Some supplements can be relevant for individuals who lack certain compounds and nutrients in their diets. For instance, researchers have indicated that folic acid can be used to decrease chances of defects during childbirth. Heart disease has been minimized through the use of omega-3 acid. However, analysts and researchers have been divided over the use and effectiveness of health supplements. This paper gives a detailed analysis in order to establish whether people really need these vitamins and health supplements.
How Supplements Work in the Body
Studies have indicated that every health supplement consumed by an individual will definitely be used in the body in one way or another. The ingested compound will promote the functioning of the body and ensure a number of scarce nutrients are available. Every product marketed as a supplement will have various contents, ingredients, and flavors (Marik and Flemmer 16). The manufacturer will suggest the quaintly that should be consumed by the targeted individual. More often than not, healthcare workers will be required to guide the consumer in order to take the right amount.
Individuals who do not eat healthy or nutritious food materials might benefit from these health supplements (Pacier and Martirosyan 101). When such supplements are consumed, they will be digested and used in the body to promote functioning. More often than not, the vitamins and supplements will be absorbed into the bloodstream and support the functioning of the body. The key ingredients will be responsible for some of the major body activities and boost immunity. For instance, vitamin D and calcium can be included in the health supplements to keep the bones of the user stronger. Bone loss can also be reduced through the use of calcium. As indicated earlier, folic acid can be recommended to minimize chances of birth defects (Marik and Flemmer 17). Unfortunately, most of these supplements have been observed to contain various active ingredients.
Do People Really Need these Supplements?
The use of compounds labeled as health supplements is something that received undivided attention from researchers, scientists, and nutritionists. These issues have emerged because the supplements have been observed to present both opportunities and risks to the individuals who use them. Quality is the first issue that should be considered before determining the effectiveness of these products. Dietary supplements are usually unique and complex in nature. The U.S. Food and Drug Administration (FDA) have been using different regulations to ensure these compounds are healthy and acceptable. However, the ingredients contained in the supplements have been increasing significantly. Consequently, people have been consuming more nutrients than they might expect (Guallar et al. 7). The consumption of excess nutrients can result in numerous health challenges.

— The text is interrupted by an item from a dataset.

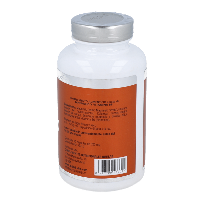 Composición:Magnesio (citrato de magnesio), Gelatina (agente de recubrimiento), Celulosa microcristalina (agente de carga), Estearato magnesio, Dióxido de silicio (antiaglomerante), Vitamina B6 (Piridoxina).

Some dietary compounds and supplements can be used to manage various health conditions and promote the health of an individual (Yap et al. 1840). Some vitamins have been supported by health professionals because that can produce positive results. For example, vitamin B folate is helpful to childbearing women. A woman who consumes adequate amounts of the vitamin will have increased chances of giving birth to a healthy child. Some supplements rich in calcium and iron can boost the functioning of different body organs. Compounds that contain omega-3 fatty acids can help individuals who have heart disease. The fatty acids should be obtained from fish oils in order to function effectively.
Although scientific evidence supports the use of some dietary supplements, the biggest question is whether people should consume the compounds. A number of studies have been done to explore the challenges associated with these supplements. Studies have indicated that it was wrong for people to consume most of the products marketed by the nutritional supplement industry (Guallar et al. 7). It is undeniable that the players in the industry have always supported the effectiveness of such compounds. However, evidence show conclusively that the food materials present numerous health problems.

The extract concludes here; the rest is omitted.